■ Your task ■
Each line in the data must be reproduced as written, except for any picture.

■ Available records ■

[Start of section]

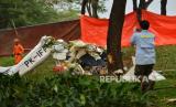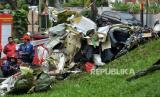 Petugas gabungan mengidentifikasi puing-puing pesawat yang jatuh di Lapangan Sunburst Bumi Serpong Damai (BSD), Tangerang Selatan, Banten, Ahad (19/5/2024). Pesawat jenis Cessna 2006 dengan kode registrasi PK-IFP TECNAM milik Indonesia Flying Club terjatuh dikawasan tersebut sekitar pukul 13.45 WIB yang menyebabkan tiga orang meninggal dunia yakni satu orang penerbang, satu orang teknisi dan satu orang penumpang. Sementara, tim dari Komite Nasional Keselamatan Transportasi bersama Inspektorat Penerbangan dari Ditjen Perhubungan Udara serta kepolisian setempat belum memberikan keterangan dan masih mendalami penyebab terjadinya kecelakaan pesawat tersebut. (FOTO : Republika/Thoudy Badai)
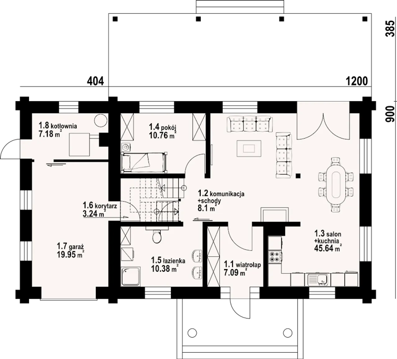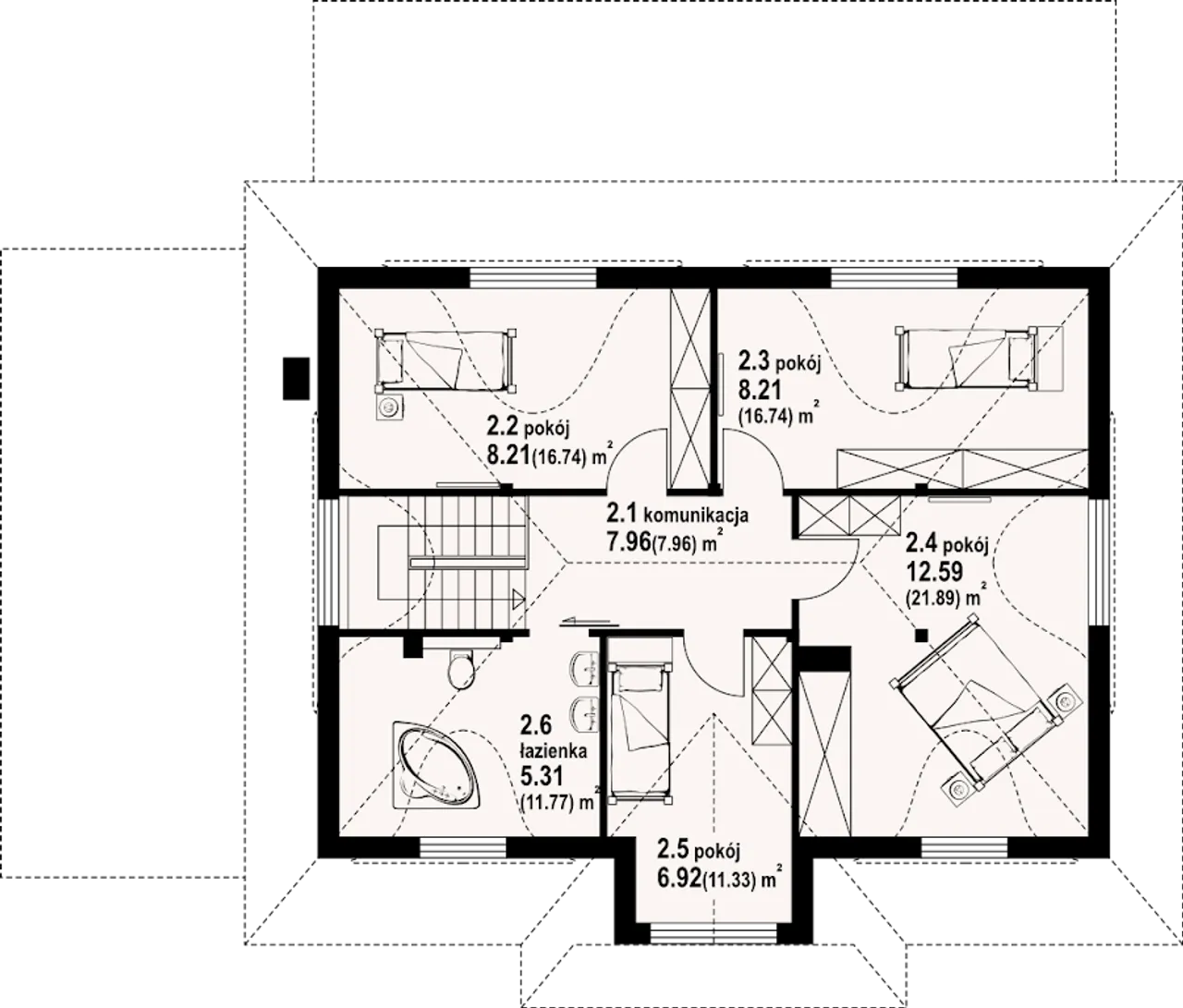 Wypełnij formularz i otrzymaj rysunki w pdf z dokładnymi wymiarami budynku i pomieszczeń (długość, szerokość, wysokość) dla projektu Chmielniki małe dw 67
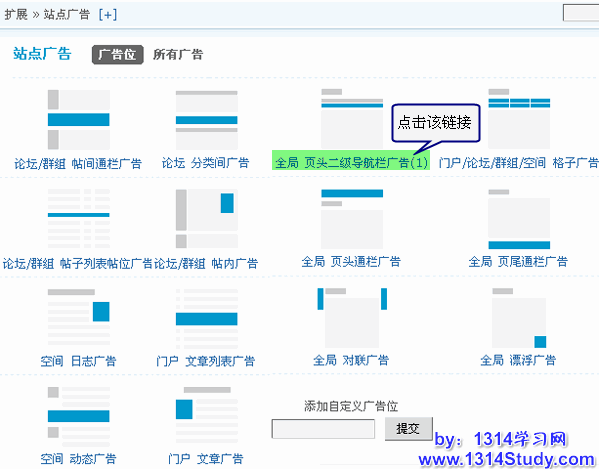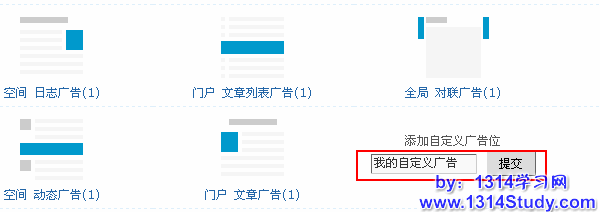 在添加自定义广告位下面的输入框内输入自定义广告的名称点击提交,如下图所示:
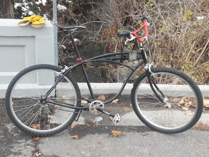 | Keywords: schwinn-speedster schwinnspeedster bicycle schwinn city-bomber citybomber bike vehicle tire wheel outdoor bicycle seat rim 1959 SCHWINN, SPEEDSTER. Original color was metallic green. It was flat black when I found it. It's since been repainted gloss black. Yeah, it needs cleaning. It had fenders on it but no rear wheel. I still have the fenders. Blade forks are the originals. Amaze-za-zing, huh? Other than frame, fork and headset, there are no original parts. 1959 SCHWINN, SPEEDSTER. Original color was metallic green. It was flat black when I found it. It's since been repainted gloss black. Yeah, it needs cleaning. It had fenders on it but no rear wheel. I still have the fenders. Blade forks are the originals. Amaze-za-zing, huh? Other than frame, fork and headset, there are no original parts. |
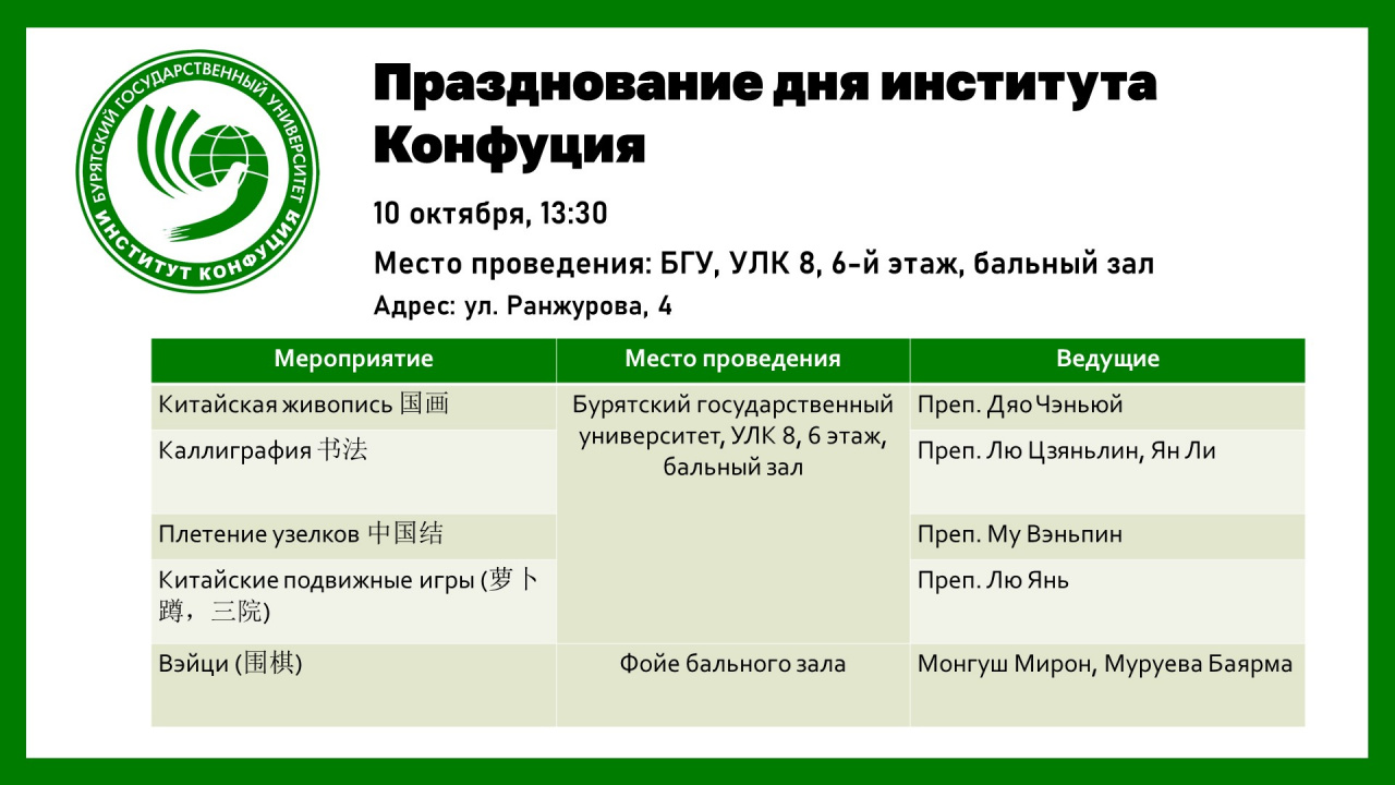 Институт Конфуция БГУ приглашает вас отпраздновать «Всемирный день институтов Конфуция» вместе с нами и погрузиться в удивительный мир китайской культуры.
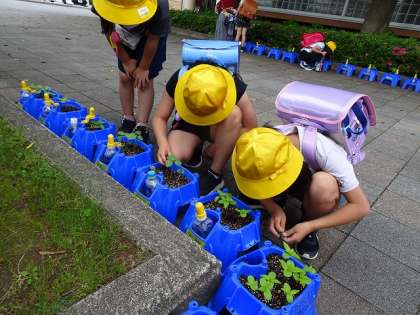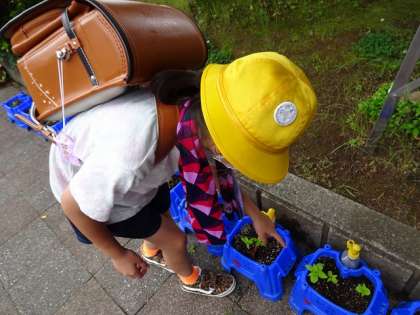 自分の育てている植物の水やりや観察を朝と帰りにしています。 少しずつ成長していることを喜んでいます。
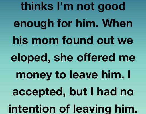 My husband’s rich family thinks I’m not good enough for him. When his mom found out we eloped, she offered me money to leave him. I accepted, but I had no intention of leaving him. Instead, I called my sister.
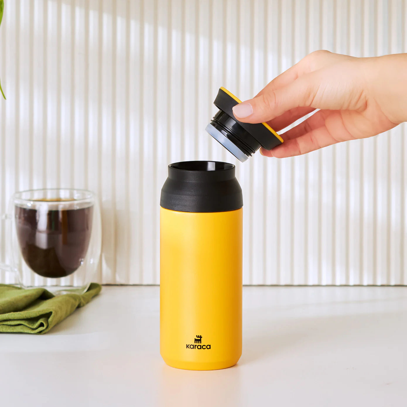 The color scheme of this tumbler is eye – catching, with a dominant bright yellow matte finish and black accents. The minimalist design features clean lines and a smooth, rounded silhouette. The brand name “karaca” is printed in black text below the black band, adding a touch of style without being too cluttered. The lid has a dual – tone design (yellow top, black base) and a wide, textured black ring for easy gripping and insulation.
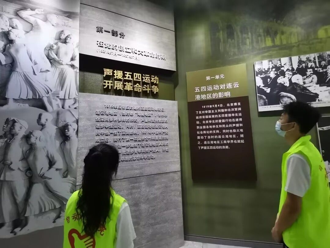 连云港小分队的党员志愿者们走进连云港市革命纪念馆,驻足细观书籍、照片、遗物等珍贵史料的同时,通过语音导览等方式全面深入地了解了连云港市在“五四”运动、土地革命战争、抗日战争、解放战争时期的革命斗争史。大家深刻体悟了先辈们在革命年代坚定不移的意志品质,从宝贵的精神财富中汲取了奋进力量。
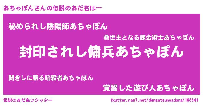 | 胡散臭い通販商品みたいなあだ名 | 『億万長者になれる水晶球…その名も「あちゃぽん」』 |
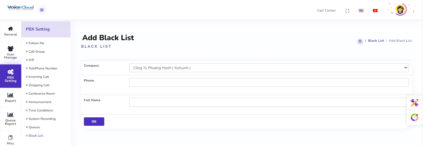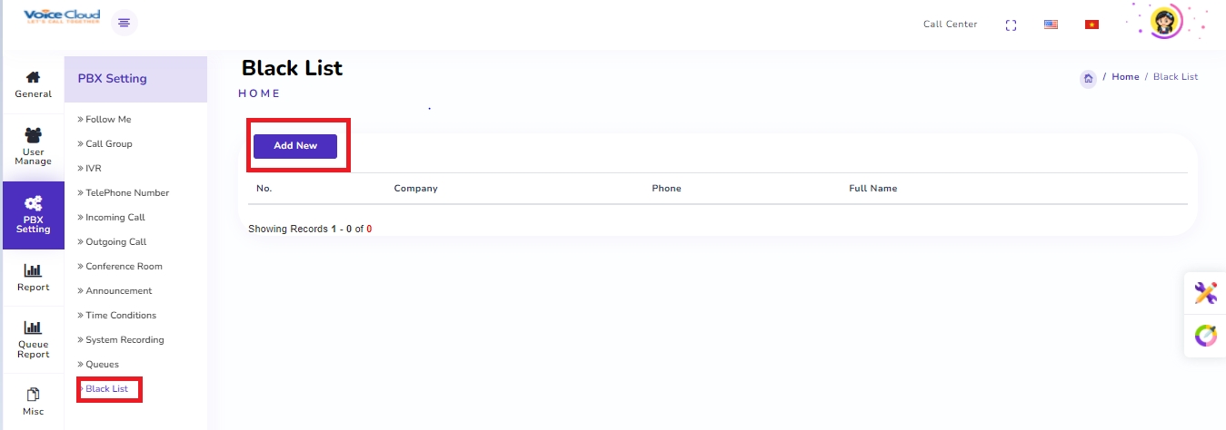 In the “PBX Settings” tab, select “Black List” and click “Add New”
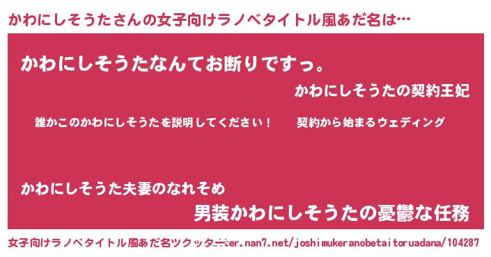 | 男性向けラノベタイトル風あだ名 | 『カワニシソウタアートオンライン』 |

[End of section]

■ Solution for this task ■
 Petugas gabungan mengidentifikasi puing-puing pesawat yang jatuh di Lapangan Sunburst Bumi Serpong Damai (BSD), Tangerang Selatan, Banten, Ahad (19/5/2024). Pesawat jenis Cessna 2006 dengan kode registrasi PK-IFP TECNAM milik Indonesia Flying Club terjatuh dikawasan tersebut sekitar pukul 13.45 WIB yang menyebabkan tiga orang meninggal dunia yakni satu orang penerbang, satu orang teknisi dan satu orang penumpang. Sementara, tim dari Komite Nasional Keselamatan Transportasi bersama Inspektorat Penerbangan dari Ditjen Perhubungan Udara serta kepolisian setempat belum memberikan keterangan dan masih mendalami penyebab terjadinya kecelakaan pesawat tersebut. (FOTO : Republika/Thoudy Badai)
 Wypełnij formularz i otrzymaj rysunki w pdf z dokładnymi wymiarami budynku i pomieszczeń (długość, szerokość, wysokość) dla projektu Chmielniki małe dw 67
 在添加自定义广告位下面的输入框内输入自定义广告的名称点击提交,如下图所示:
 | Keywords: schwinn-speedster schwinnspeedster bicycle schwinn city-bomber citybomber bike vehicle tire wheel outdoor bicycle seat rim 1959 SCHWINN, SPEEDSTER. Original color was metallic green. It was flat black when I found it. It's since been repainted gloss black. Yeah, it needs cleaning. It had fenders on it but no rear wheel. I still have the fenders. Blade forks are the originals. Amaze-za-zing, huh? Other than frame, fork and headset, there are no original parts. 1959 SCHWINN, SPEEDSTER. Original color was metallic green. It was flat black when I found it. It's since been repainted gloss black. Yeah, it needs cleaning. It had fenders on it but no rear wheel. I still have the fenders. Blade forks are the originals. Amaze-za-zing, huh? Other than frame, fork and headset, there are no original parts. |
 Институт Конфуция БГУ приглашает вас отпраздновать «Всемирный день институтов Конфуция» вместе с нами и погрузиться в удивительный мир китайской культуры.
 自分の育てている植物の水やりや観察を朝と帰りにしています。 少しずつ成長していることを喜んでいます。
 My husband’s rich family thinks I’m not good enough for him. When his mom found out we eloped, she offered me money to leave him. I accepted, but I had no intention of leaving him. Instead, I called my sister.
 The color scheme of this tumbler is eye – catching, with a dominant bright yellow matte finish and black accents. The minimalist design features clean lines and a smooth, rounded silhouette. The brand name “karaca” is printed in black text below the black band, adding a touch of style without being too cluttered. The lid has a dual – tone design (yellow top, black base) and a wide, textured black ring for easy gripping and insulation.
 连云港小分队的党员志愿者们走进连云港市革命纪念馆,驻足细观书籍、照片、遗物等珍贵史料的同时,通过语音导览等方式全面深入地了解了连云港市在“五四”运动、土地革命战争、抗日战争、解放战争时期的革命斗争史。大家深刻体悟了先辈们在革命年代坚定不移的意志品质,从宝贵的精神财富中汲取了奋进力量。
 | 胡散臭い通販商品みたいなあだ名 | 『億万長者になれる水晶球…その名も「あちゃぽん」』 |
 In the “PBX Settings” tab, select “Black List” and click “Add New”
 | 男性向けラノベタイトル風あだ名 | 『カワニシソウタアートオンライン』 |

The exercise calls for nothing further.